Дюла Ийеш - Избранное
Руины сменяют руины, целый город руин, приведенных в образцовый порядок; руины, перебинтованные вечнозеленым плющом и приукрашенные клумбами; и вновь идут руины и руины. Старик давно уже покончил с обязательными пояснениями и теперь высказывает свое частное мнение. Все, что здесь вершилось когда-то, он прочувствовал каждым нервом; по меньшей мере лет сорок вызывает он из небытия дух великих миротворцев прошлого и постоянно наталкивается на великое непонимание рода человеческого, а к этому роду, как ни втягивай голову в плечи, относимся все мы.
Я пытался было — даже дважды — пробраться поближе к старику, выносящему свой приговор.
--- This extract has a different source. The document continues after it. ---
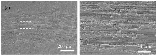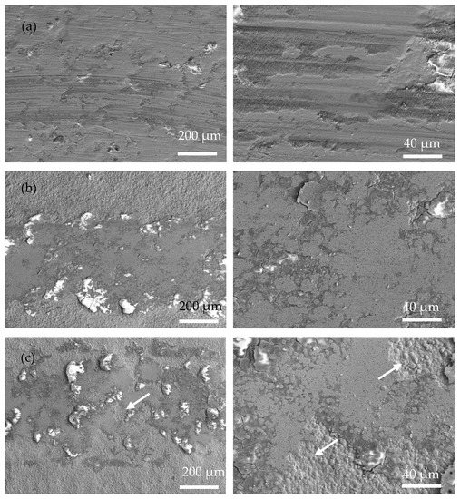 Figure 7 shows the SEM wear morphology of the annealed coatings. Compared with that of the as-plated coatings, the area of the wear mark is smoother, with fewer cracks and plowing marks. The wear mechanism is mainly an abrasive polishing effect. Due to the obvious increase in the hardness of the annealed coating, the actual contact area between the coating and the ceramic ball became smaller during the friction process. Therefore, the depth and width of the wear mark are smaller than those of the as-plated coating, suggesting a better anti-wear property of the annealed coating. In addition, a large number of original surfaces appear in the wear mark area (marked with white arrows in Figure 7c–e), further proving that relatively slight wear occurred in the annealed coating.

Ведь и я тоже не зеленый юнец, и мой взгляд с годами тоже делается все более строгим, словно и на меня порою нисходит взыскующий дух минувших времен.
И в этой ситуации было бы естественно обменяться мыслями, хотя бы в нескольких словах.
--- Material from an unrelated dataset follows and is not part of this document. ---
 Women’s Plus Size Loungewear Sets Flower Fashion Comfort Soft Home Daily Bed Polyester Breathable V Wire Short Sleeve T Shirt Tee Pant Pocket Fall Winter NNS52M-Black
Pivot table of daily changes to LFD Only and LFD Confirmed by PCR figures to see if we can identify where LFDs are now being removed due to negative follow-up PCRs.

Провели нас по зданию, где разрушительное время оставило лишь беглый след — farinier, построен в 1257–1275 годы, верхняя часть служила складом для зерна и муки, нижняя — винным погребом, — экскурсовод направил нас к фонтану, бившему столетия назад. Сам же он старческой походкой засеменил к привратницкой; я последовал за ним. Под колокольный благовест. Был полдень.
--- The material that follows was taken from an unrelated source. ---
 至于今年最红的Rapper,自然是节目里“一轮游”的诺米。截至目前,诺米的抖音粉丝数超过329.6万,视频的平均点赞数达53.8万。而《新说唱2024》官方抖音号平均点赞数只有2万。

В крохотной комнатенке и на крохотной же печурке булькал крохотный горшок, распространяя характерный аромат национальной кухни, смесь чеснока и чабреца; варево клокотало столь яростно и неуемно, словно хотело в одиночку отстоять честь всей Бургундии. Старик торопился сюда затем, чтобы подлить воды и унять нетерпеливое пыхтенье горшка с похлебкой. Покончив с неотложным делом, он обернулся ко мне. Вот когда представился мне случай сказать ему… но что? Сказать, что для людей, взваливших на себя бремя представлять эпоху и в какой-то степени олицетворять ее, по-прежнему главная заповедь — терпение? Что род людской, как ни клейми его, этот «посев, возросший из зубов дракона», не весь дал горький урожай? И кое-что в нем даже вселяет надежду. Что вот ведь даже лучники, прежде сеявшие страх своими стрелами, и те не прекращают сюда паломничества — в знак покаяния… К сожалению, басовито гудящий колокол топил все иные звуки. Да и старик этот вынужденный перерыв в экскурсии употребил с пользой: проверить, не выкипела ли похлебка. Это значило, что экскурсия подходит к концу: смотритель в считанные минуты проводит нас до ворот музея. Поскольку же при входе висела табличка с призывом к посетителям воздержаться от чаевых, то свою скромную, из дальней дали привезенную лепту я — за неимением другой возможности — вручил старику в привратницкой. Он принял мзду со снисходительностью опального вельможи.
* * *— Как пройти отсюда на станцию?
— Вам теперь придется сделать немалый крюк, — отвечаю я с готовностью. — Надо было еще во-он где свернуть.
— Черт побери! Что же мне теперь, возвращаться назад?!
— Если торопитесь, то не стоит. Здесь дорога хоть и пойдет на подъем, но вы быстрее доберетесь.
Я поистине рад, что могу оказаться полезным.
— Черт бы побрал того типа, кто послал меня сюда!.. Похоже, у вас тут дурак на дураке!
Я сочувственно смотрю вслед незнакомцу; тот уже припустился рысцой. Но скоро сочувствие сменяется изумлением.
С какою предупредительностью я все это объяснял какому-то невеже и готов был объяснять еще подробнее!
И это — я! Да не сыскать человека, у кого я хоть когда-либо попросил форинт взаймы. Я, проплутавший версты в чужих городах, только бы не выспрашивать у незнакомых людей, как пройти на ту улицу, что мне нужна.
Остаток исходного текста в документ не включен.